• Problem requirements:
In the records below, repeat word for word only the lines starting at the one that contains "1. Хроматографическое исследование" and ending at the one that contains "Triệu chứng học", pictures excluded.

• Entries shown:
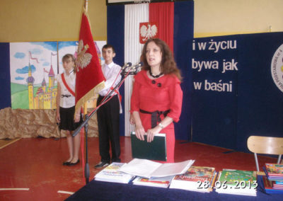 28 czerwca 2013 roku o godzinie 10.30 odbyło się uroczyste zakończenie roku szkolnego dla klas IV i V. Pani dyrektor Barbara Karwat podczas przemówienia długo wymieniała sukcesy uczniów, odniesione w konkursach miejskich , powiatowych oraz ogólnopolskich. Najlepsi uczniowie otrzymali nagrody książkowe i świadectwa z wyróżnieniem. W imieniu Rady Rodziców gratulacje oraz życzenia udanych wakacji, złożył pan Krzysztof Rutkowski. Uroczystość zakończyła się występem uczniów z klasy V c, którzy pod opieką wychowawczyni Małgorzaty Góreckiej, wystawili spektakl pod tytułem ,,Zielona Wyspa Banana.”
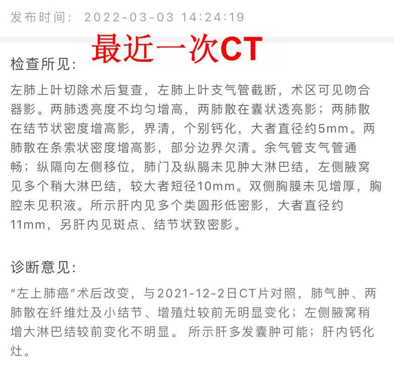 二是也有去咨询过一个胸外科的主任,他的建议是做一个派特CT,如果确认其他地方没有转移的话,直接做淋巴清扫,通过手术治疗,然后再结合靶向药或是化疗来后续治疗治疗。
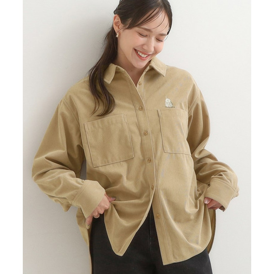 旭山動物園のエゾフクロウとレッサーパンダをモチーフに、胸元にワンポイントの刺繍を施したコーデュロイシャツ。
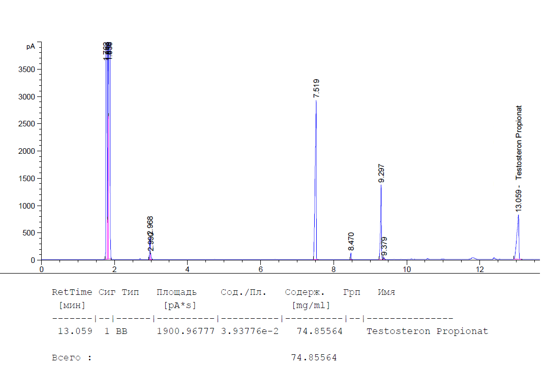 1. Хроматографическое исследование образца на качественное содержание - образец содержит Тестостерон Пропионат.
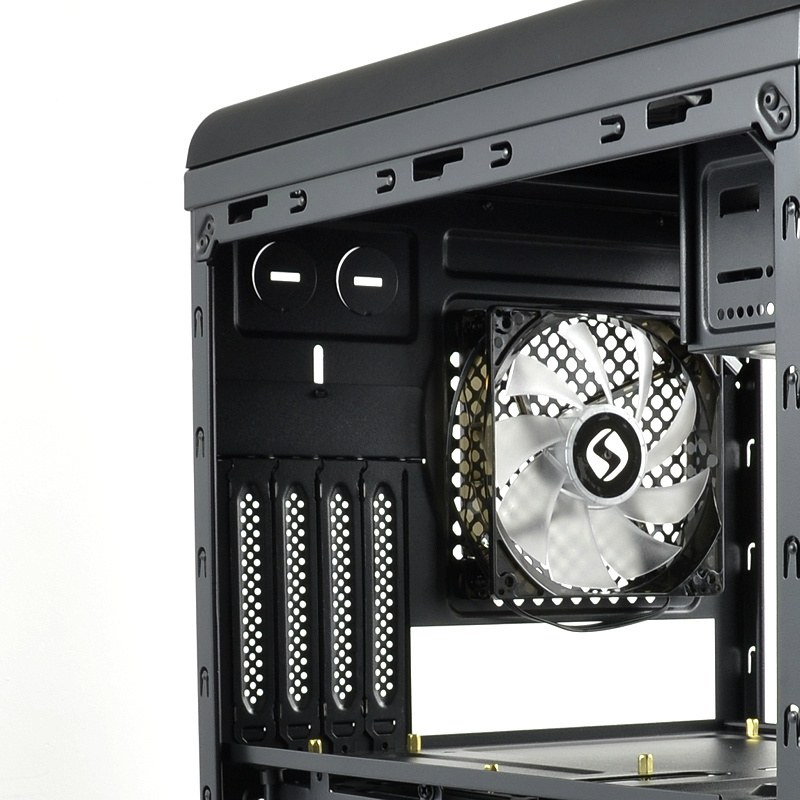 Wentylacja w obudowie stoi na wysokim poziomie: na przodzie zastosowano 200 mm wentylator oraz podświetlany na biało 120 mm wentylator wyciągowy z tyłu. Dodatkowo użytkownik może zamontować dwa wentylatory 120/140 mm na górze oraz jeden 80 mm na tylnej ściance w części z dyskami twardymi.
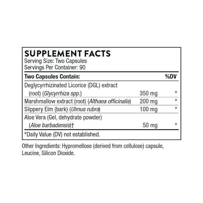 A comforting blend of botanical extracts – aloe vera, slippery elm, marshmallow root, and licorice – to calm irritation and soothe the mucous membranes of the GI tract*
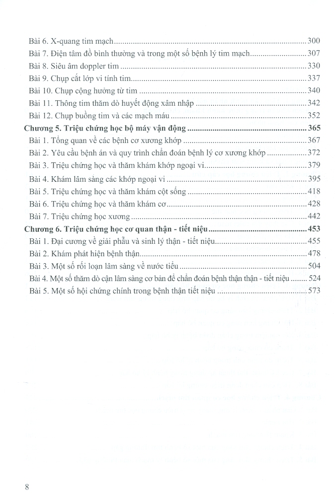 Triệu chứng học nội khoa tập 1 gồm 6 chương, mỗi chương giới thiệu một cách hệ thống về các triệu chứng lâm sàng, phương pháp thăm khám và các xét nghiệm thăm dò chẩn đoán của từng bộ máy cơ quan trong cơ thể:
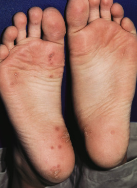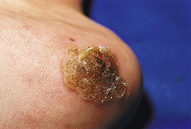 Verrucae plantaris (plantar warts) occur on the plantar surfaces of the feet and tend to be the most symptomatic type of warts as well as a therapeutic challenge. They usually occur on the weight-bearing areas of the heels, toes, and midmetatarsal areas ( Fig. 15-30 ). Because of the pressure of walking, the lesions often develop an endophytic component and are very painful and tender. Coalescence of multiple lesions may result in mosaic warts ( Fig. 15-31 ). It may occasionally be difficult to differentiate plantar warts from corns or calluses. Corns are localized hyperkeratoses that form over interphalangeal joints as the result of intermittent pressure and friction. Penetrating corns often appear at the base of the second or third metatarsal–phalangeal joint. They can be distinguished from plantar warts by the lack of thrombosed capillaries after paring and by their characteristic hard core. Soft corns are macerated hyperkeratotic lesions that persist at points of friction and pressure in intertriginous areas. They are usually seen on the lateral aspect of the toes or in the web spaces between the fourth and fifth toes.
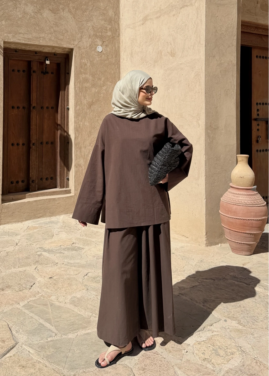 8999 ŞAL YAKA ETEKLİ KETEN TAKIM kahve
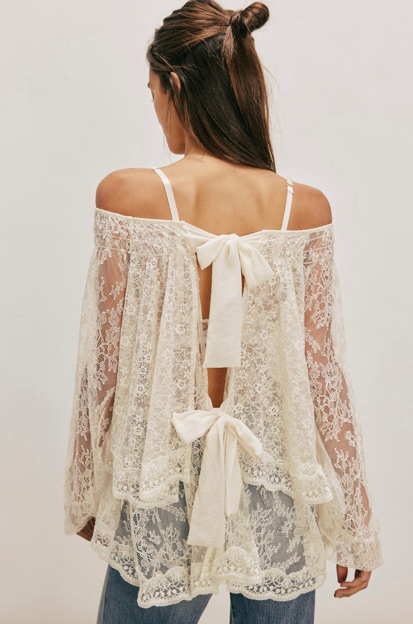 Features: Sheer lace fabrication, off-the-shoulder neckline, balloon sleeves with elasticated cuffs, self-tying back closures, layered design with contrast trim, unlined Why We O It: This lace top can be worn with the bows in the front or back for effortlessly versatile styling.
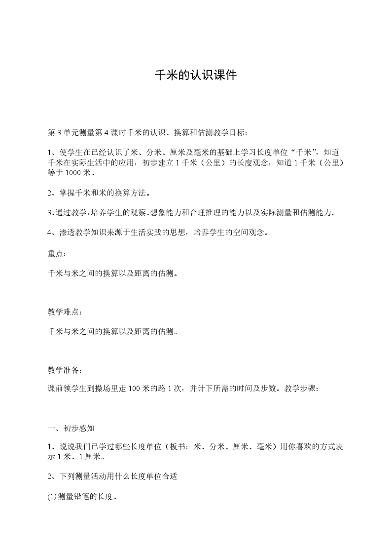 2、提高学生运用米和千米相关的知识解决实际问题的能力。教学重点:会根据千米与米之间的进率进行简单的换算。教学难点:能正确解答与“千米”相关的实际问题教学准备:多媒体课件。
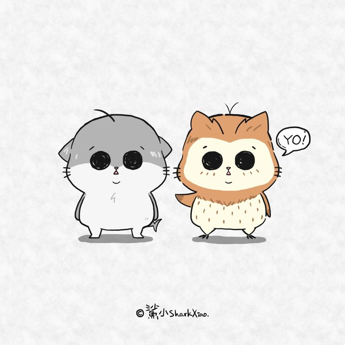 貓頭鷹與鯊小貓 #貓頭鷹 #鯊小貓 #貓 #貓咪 #圖文 #插畫 #アート #イラスト #サメ #サメ猫 #フクロウ猫 #SharkXiao #sharkcat #owlcat #CuteAnimals #cute

• Exercise output:
 1. Хроматографическое исследование образца на качественное содержание - образец содержит Тестостерон Пропионат.
 Wentylacja w obudowie stoi na wysokim poziomie: na przodzie zastosowano 200 mm wentylator oraz podświetlany na biało 120 mm wentylator wyciągowy z tyłu. Dodatkowo użytkownik może zamontować dwa wentylatory 120/140 mm na górze oraz jeden 80 mm na tylnej ściance w części z dyskami twardymi.
 A comforting blend of botanical extracts – aloe vera, slippery elm, marshmallow root, and licorice – to calm irritation and soothe the mucous membranes of the GI tract*
 Triệu chứng học nội khoa tập 1 gồm 6 chương, mỗi chương giới thiệu một cách hệ thống về các triệu chứng lâm sàng, phương pháp thăm khám và các xét nghiệm thăm dò chẩn đoán của từng bộ máy cơ quan trong cơ thể:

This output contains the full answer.